Trust posture
Publisher, not actor.
Hermai publishes factual metadata about publicly observable website endpoints. We do not execute requests, run scraping infrastructure, or hold users' credentials. This page explains exactly where our legal responsibility begins and ends — and where yours does.
The publisher / actor split
Hermai hosts a catalog of schemas— structured descriptions of what public websites return. A schema might say “Booking.com has a hotel search endpoint that takes destination, check-in, check-out, and guests, and returns name, price, and review score.” That is a factual description, not an instruction.
When you run hermai fetch or call our HTTP API with your key, the full technical package is delivered to your machine. Your machine— not ours — then sends the request to the site. You choose when, how often, with what identity, and whether the request is consistent with the site's terms. You are the actor.
We deliberately avoid hosted execution in Phase 1 so that there is no ambiguity about who is making the request.
What we publish
The public catalog shows taxonomy-level facts. Every entry includes:
- Schema name and one-line purpose
- Intent category (e.g.
travel.accommodation.search) - Parameter names (e.g.
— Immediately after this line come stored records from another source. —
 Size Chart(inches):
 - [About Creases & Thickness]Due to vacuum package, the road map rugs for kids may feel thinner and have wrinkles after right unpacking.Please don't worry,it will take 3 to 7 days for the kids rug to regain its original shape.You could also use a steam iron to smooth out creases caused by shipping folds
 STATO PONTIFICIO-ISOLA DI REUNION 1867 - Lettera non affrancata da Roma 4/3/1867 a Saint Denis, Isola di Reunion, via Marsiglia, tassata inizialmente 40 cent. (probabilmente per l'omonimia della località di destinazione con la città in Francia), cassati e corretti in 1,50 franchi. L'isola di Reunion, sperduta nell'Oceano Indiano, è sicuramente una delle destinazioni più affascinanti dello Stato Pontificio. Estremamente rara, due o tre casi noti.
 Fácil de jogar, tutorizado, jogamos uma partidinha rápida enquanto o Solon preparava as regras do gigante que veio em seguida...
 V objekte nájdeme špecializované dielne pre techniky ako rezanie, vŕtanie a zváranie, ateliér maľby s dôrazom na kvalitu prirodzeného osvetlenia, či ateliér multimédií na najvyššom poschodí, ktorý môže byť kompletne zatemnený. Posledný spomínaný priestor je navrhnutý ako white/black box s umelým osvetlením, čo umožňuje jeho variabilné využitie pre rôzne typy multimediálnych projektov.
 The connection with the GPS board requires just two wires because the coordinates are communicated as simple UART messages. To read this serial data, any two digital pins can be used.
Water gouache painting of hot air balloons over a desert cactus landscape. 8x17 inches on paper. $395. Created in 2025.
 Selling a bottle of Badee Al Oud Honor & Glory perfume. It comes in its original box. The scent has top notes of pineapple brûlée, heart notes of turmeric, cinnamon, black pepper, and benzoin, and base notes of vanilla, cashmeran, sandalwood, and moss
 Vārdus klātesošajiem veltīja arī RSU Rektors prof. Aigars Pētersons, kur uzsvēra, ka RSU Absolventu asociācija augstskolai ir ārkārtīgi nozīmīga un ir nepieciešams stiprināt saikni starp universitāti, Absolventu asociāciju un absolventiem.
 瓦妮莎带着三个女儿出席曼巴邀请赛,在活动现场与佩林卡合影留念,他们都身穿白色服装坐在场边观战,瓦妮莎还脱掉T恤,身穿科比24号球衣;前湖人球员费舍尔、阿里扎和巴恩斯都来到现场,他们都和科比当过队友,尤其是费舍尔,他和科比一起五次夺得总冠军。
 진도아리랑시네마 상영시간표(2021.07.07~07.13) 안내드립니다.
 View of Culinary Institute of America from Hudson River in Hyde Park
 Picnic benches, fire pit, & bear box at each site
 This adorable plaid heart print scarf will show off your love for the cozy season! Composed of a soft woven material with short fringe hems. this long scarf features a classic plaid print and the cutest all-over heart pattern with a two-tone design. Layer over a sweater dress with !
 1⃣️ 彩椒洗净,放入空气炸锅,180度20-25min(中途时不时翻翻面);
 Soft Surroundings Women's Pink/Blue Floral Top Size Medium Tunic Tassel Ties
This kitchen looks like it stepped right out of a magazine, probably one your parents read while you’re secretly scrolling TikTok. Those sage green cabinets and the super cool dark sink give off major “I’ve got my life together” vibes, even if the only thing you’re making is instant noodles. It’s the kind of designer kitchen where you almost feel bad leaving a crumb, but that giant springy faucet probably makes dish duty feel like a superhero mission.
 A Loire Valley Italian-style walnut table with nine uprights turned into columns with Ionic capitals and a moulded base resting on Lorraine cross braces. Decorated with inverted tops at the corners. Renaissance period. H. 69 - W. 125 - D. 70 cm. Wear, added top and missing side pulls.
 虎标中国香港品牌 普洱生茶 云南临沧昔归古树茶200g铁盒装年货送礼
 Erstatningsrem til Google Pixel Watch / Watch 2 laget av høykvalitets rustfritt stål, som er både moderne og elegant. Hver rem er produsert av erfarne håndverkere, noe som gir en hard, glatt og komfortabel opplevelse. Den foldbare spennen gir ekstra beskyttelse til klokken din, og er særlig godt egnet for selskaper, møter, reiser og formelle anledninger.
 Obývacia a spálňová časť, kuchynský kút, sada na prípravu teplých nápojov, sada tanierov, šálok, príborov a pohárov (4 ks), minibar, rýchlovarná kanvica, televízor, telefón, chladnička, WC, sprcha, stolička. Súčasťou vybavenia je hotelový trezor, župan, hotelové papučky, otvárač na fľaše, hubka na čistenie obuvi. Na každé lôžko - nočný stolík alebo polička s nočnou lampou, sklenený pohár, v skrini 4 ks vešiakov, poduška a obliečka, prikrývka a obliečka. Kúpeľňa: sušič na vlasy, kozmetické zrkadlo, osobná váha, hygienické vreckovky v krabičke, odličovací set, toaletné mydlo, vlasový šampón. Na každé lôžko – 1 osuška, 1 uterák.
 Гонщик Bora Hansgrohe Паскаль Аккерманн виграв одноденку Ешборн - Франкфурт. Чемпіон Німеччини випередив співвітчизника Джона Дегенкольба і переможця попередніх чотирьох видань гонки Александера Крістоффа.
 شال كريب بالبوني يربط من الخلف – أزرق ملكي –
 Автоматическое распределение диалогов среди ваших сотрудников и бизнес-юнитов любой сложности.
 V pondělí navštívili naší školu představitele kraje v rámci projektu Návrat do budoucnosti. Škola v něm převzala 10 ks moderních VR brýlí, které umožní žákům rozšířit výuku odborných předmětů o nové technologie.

city,check_in,guests) - Response field names (e.g.
price,rating) - Health metrics and last-verified time
- Site protection level (factual observation of what we detect)
- Contributor attribution
What stays private
The technical recipe lives only in pulled packages, on contributor and user machines. It never touches our public catalog:
- Endpoint URL, path, method
- Request headers and payloads
- Parameter types, validation, nested shapes
- Response type definitions
- Authentication flow
- Selectors and parsing instructions
Execution methods — TLS fingerprinting, browser automation, cookie handling — live in the open-source CLI, not in schemas. Schemas describe site facts; the CLI provides general-purpose HTTP tooling.
Legal anchors
Our posture is grounded in these cases. They are not legal advice; they are the decisions that shape how we think about publishing interoperability information.
- Sega Enterprises v. Accolade (1992, 977 F.2d 1510, 9th Cir.)
- Reverse engineering for interoperability is fair use when no other way exists to access functional elements of a program.
- Lexmark v. Static Control (2004, 387 F.3d 522, 6th Cir.)
- Publishing technical interoperability information about another company's product is protected; lock-out codes are not copyrightable.
- hiQ Labs v. LinkedIn (2022, 31 F.4th 1180, 9th Cir.)
- Accessing publicly available data is not “unauthorized access” under the CFAA. Does not override platform-level terms.
Related pages
- Hostile platform exclusion list — sites we reject from the catalog proactively.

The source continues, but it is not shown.